* COLLECTED MATERIAL:
☆ ☆ ☆ ☆ ☆

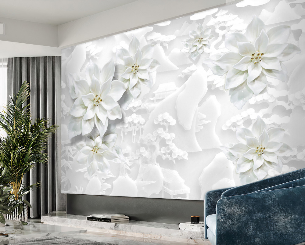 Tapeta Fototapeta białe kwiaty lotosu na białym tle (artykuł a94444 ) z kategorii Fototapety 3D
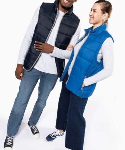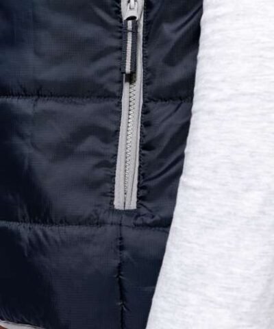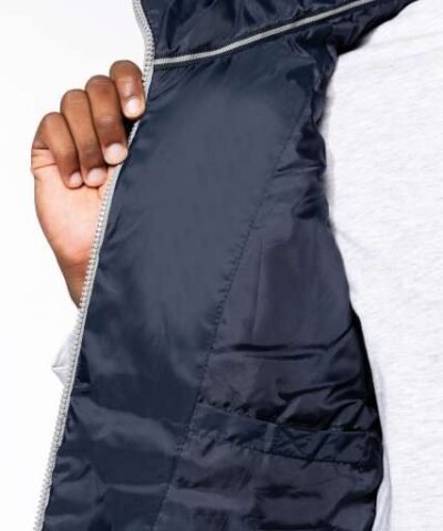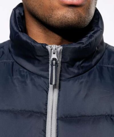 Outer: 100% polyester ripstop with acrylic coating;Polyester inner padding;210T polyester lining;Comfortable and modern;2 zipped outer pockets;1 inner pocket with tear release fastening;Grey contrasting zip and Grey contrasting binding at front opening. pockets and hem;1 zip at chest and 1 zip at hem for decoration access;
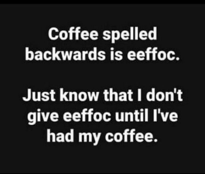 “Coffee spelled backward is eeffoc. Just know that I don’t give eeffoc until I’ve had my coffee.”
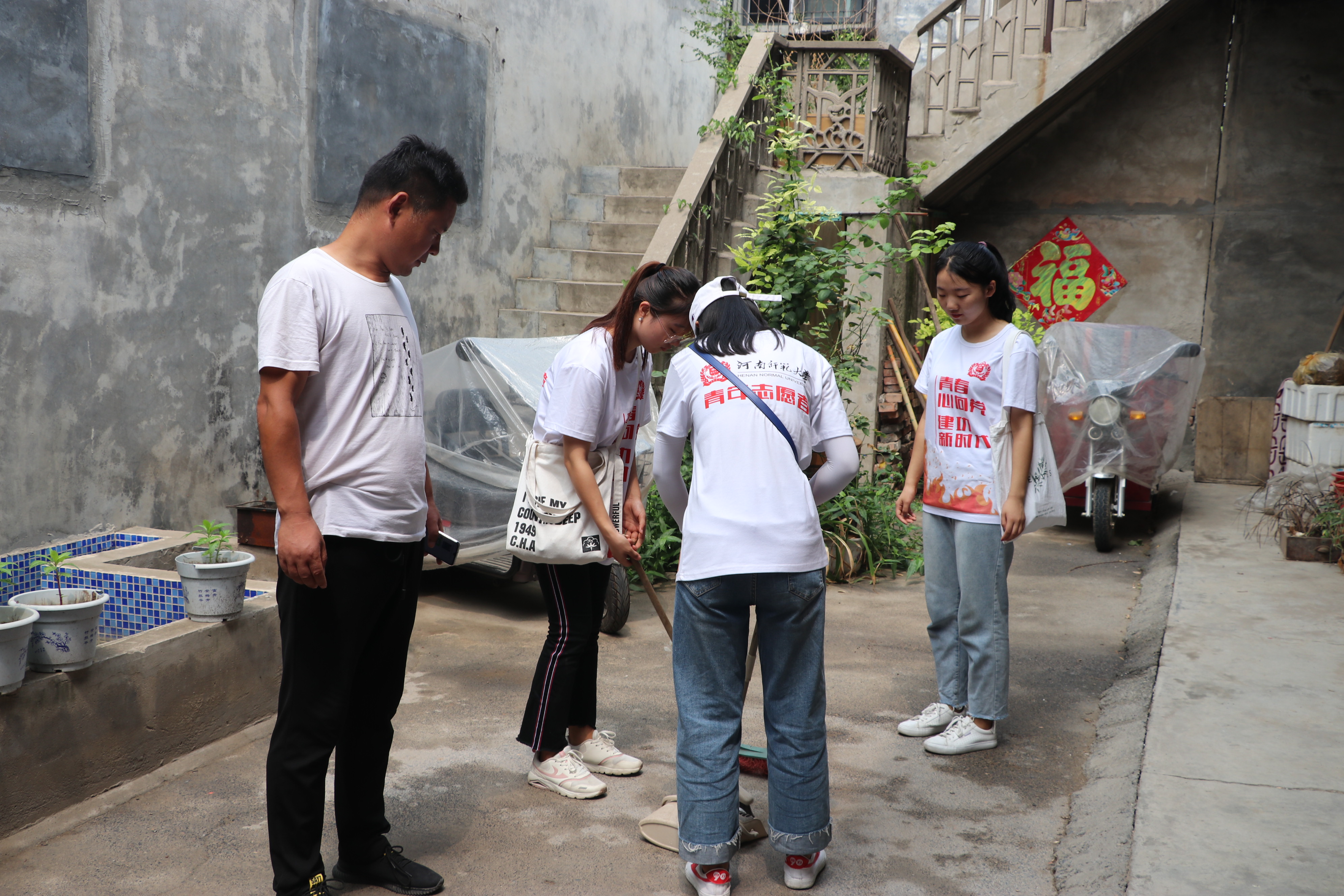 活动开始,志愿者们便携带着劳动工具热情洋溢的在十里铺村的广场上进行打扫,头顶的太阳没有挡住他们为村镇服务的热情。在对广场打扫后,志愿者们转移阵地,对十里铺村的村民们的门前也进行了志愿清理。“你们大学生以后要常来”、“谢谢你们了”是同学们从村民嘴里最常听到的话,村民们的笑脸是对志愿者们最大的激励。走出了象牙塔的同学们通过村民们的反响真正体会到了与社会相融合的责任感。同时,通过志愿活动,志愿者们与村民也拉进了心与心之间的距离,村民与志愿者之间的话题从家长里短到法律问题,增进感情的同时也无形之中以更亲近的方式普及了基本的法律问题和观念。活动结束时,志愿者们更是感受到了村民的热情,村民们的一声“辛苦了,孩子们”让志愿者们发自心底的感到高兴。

☆ ☆ ☆ ☆ ☆

* TRY IT: Copy the listing above word for word. Do not include the pictures.

* THE COMPLETED TASK:
 Tapeta Fototapeta białe kwiaty lotosu na białym tle (artykuł a94444 ) z kategorii Fototapety 3D
 Outer: 100% polyester ripstop with acrylic coating;Polyester inner padding;210T polyester lining;Comfortable and modern;2 zipped outer pockets;1 inner pocket with tear release fastening;Grey contrasting zip and Grey contrasting binding at front opening. pockets and hem;1 zip at chest and 1 zip at hem for decoration access;
 “Coffee spelled backward is eeffoc. Just know that I don’t give eeffoc until I’ve had my coffee.”
 活动开始,志愿者们便携带着劳动工具热情洋溢的在十里铺村的广场上进行打扫,头顶的太阳没有挡住他们为村镇服务的热情。在对广场打扫后,志愿者们转移阵地,对十里铺村的村民们的门前也进行了志愿清理。“你们大学生以后要常来”、“谢谢你们了”是同学们从村民嘴里最常听到的话,村民们的笑脸是对志愿者们最大的激励。走出了象牙塔的同学们通过村民们的反响真正体会到了与社会相融合的责任感。同时,通过志愿活动,志愿者们与村民也拉进了心与心之间的距离,村民与志愿者之间的话题从家长里短到法律问题,增进感情的同时也无形之中以更亲近的方式普及了基本的法律问题和观念。活动结束时,志愿者们更是感受到了村民的热情,村民们的一声“辛苦了,孩子们”让志愿者们发自心底的感到高兴。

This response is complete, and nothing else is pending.